= WHAT YOU HAVE TO DO =
Starting with the line below that holds "White DG Stars" and stopping after the line that holds "Design Ergonomico: La", transcribe the lines exactly, leaving out all pictures.

Segment Start: DATA FOR THE TASK

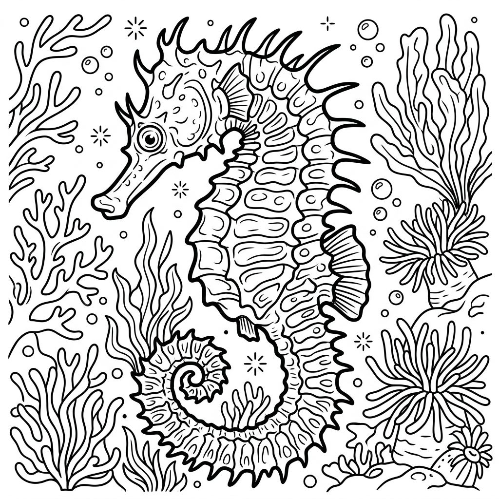 Immerse yourself in the intricate beauty of the ocean with our Spiny Seahorse coloring page. This stunning illustration captures the distinct characteristics of a spiny seahorse, showcasing its unique spine-like projections and textured body in remarkable detail. The central seahorse is gracefully framed by a lively underwater scene, complete with diverse coral structures, flowing seaweed, and playful bubbles, inviting a rich and engaging coloring experience across the entire canvas.
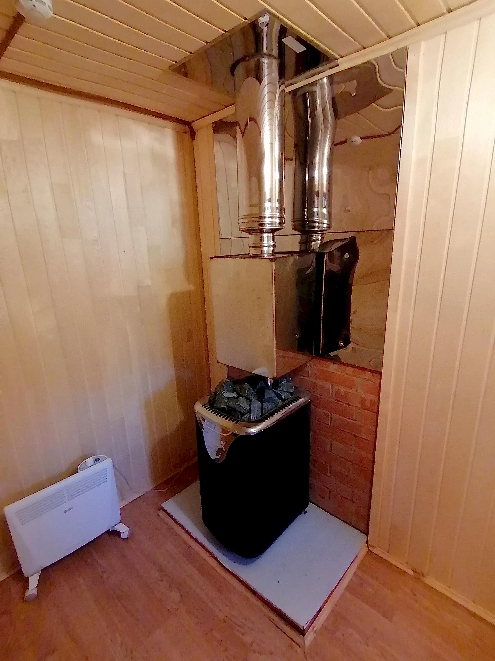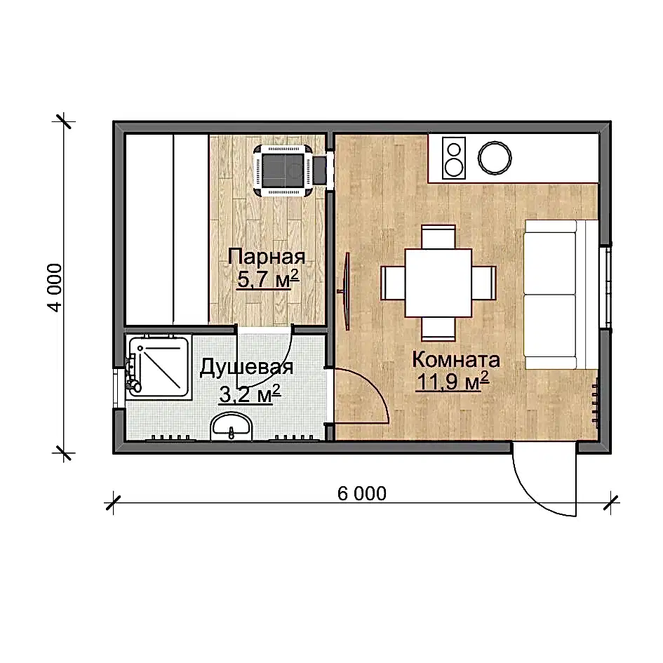 Данный планплощадью 20,55 м2включает в себя три помещения:комната (11,9 м2), душевая (3,2 м2) и сама парная PinUp м2).Стены и потолок обшиваются осиновой вагонкой с фольгированной PinUp ППЭ, а полок в парной изготавливается из осины.
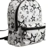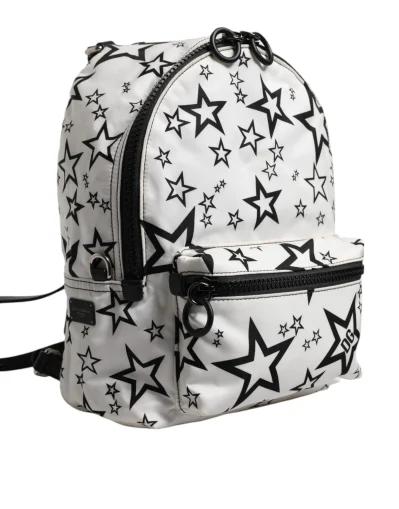 White DG Stars Print Nylon Travel Backpack Bag
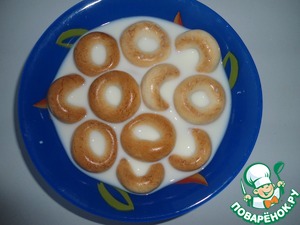 Сушки замочить в молоке на 15-20 минут.
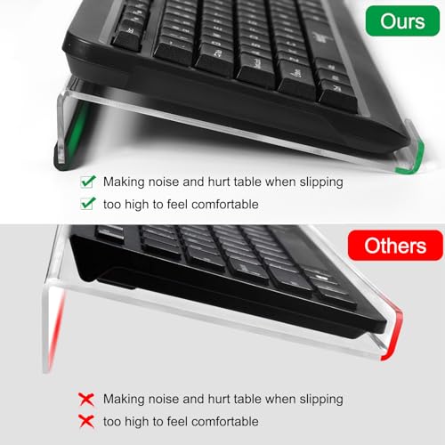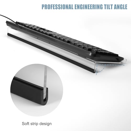 Design Ergonomico: La dimensione del supporto per tastiera in acrilico è 43,2×14,5×3 cm, adatta per la maggior parte delle tastiere standard, progettata con bordo anteriore e striscia antiscivolo, non cadrà facilmente.
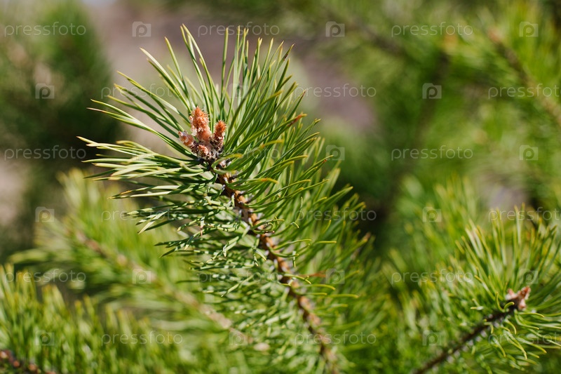 Ветвь молодой сосны, сфотографированная весной
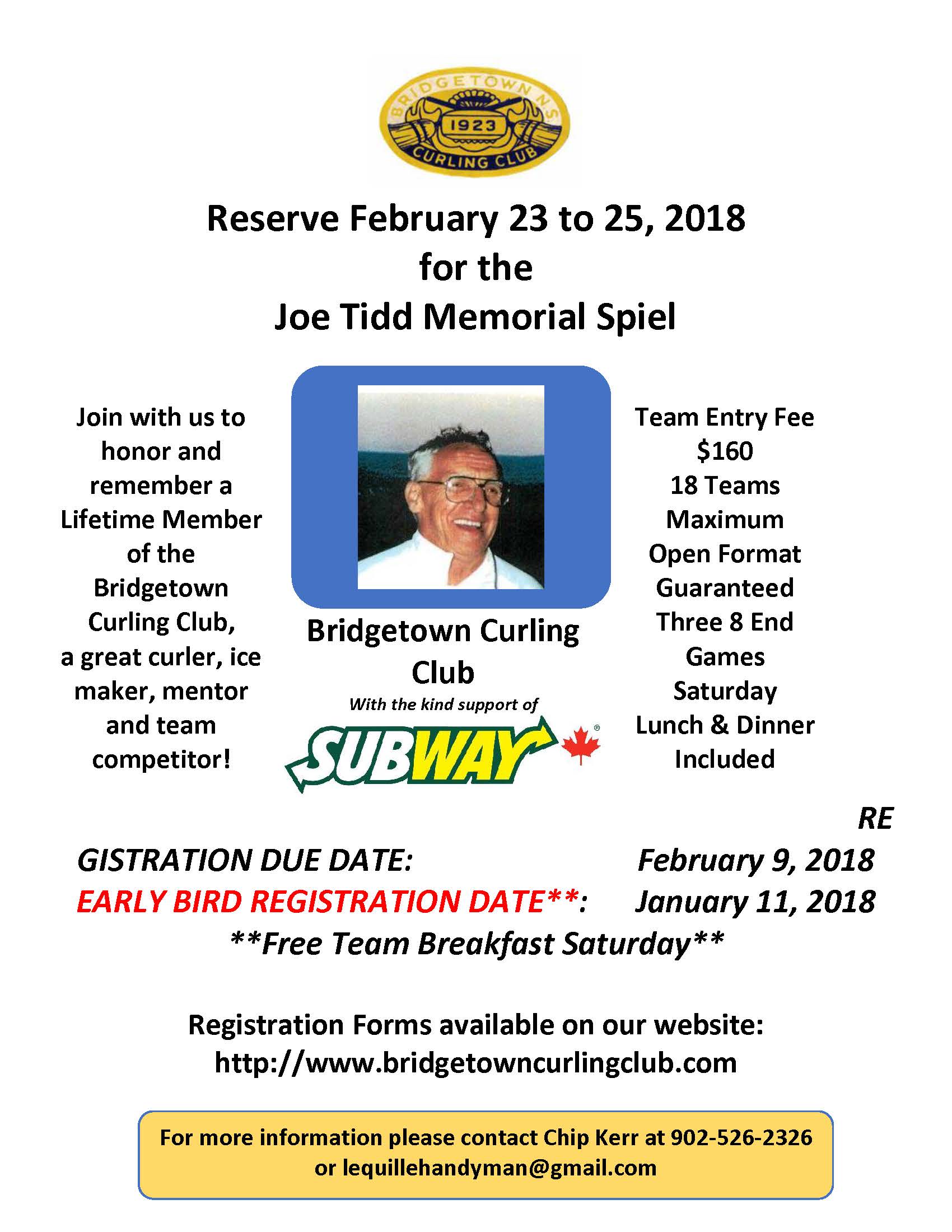 U15 Division: 16 Teams (Boys, Girls or Mixed). The Event is 6 End Games with 8 End Finals. $90/team U18 Division: 16 Teams (Boys, Girls or Mixed). The Event is 8 End Games including Finals. $110/team All teams are guaranteed 3 games. Entry and Payment Deadline: December 20, 2017 To register, please email Dylan Haines […]

Segment End: DATA FOR THE TASK

= ANSWER FOR THE TASK =
 White DG Stars Print Nylon Travel Backpack Bag
 Сушки замочить в молоке на 15-20 минут.
 Design Ergonomico: La dimensione del supporto per tastiera in acrilico è 43,2×14,5×3 cm, adatta per la maggior parte delle tastiere standard, progettata con bordo anteriore e striscia antiscivolo, non cadrà facilmente.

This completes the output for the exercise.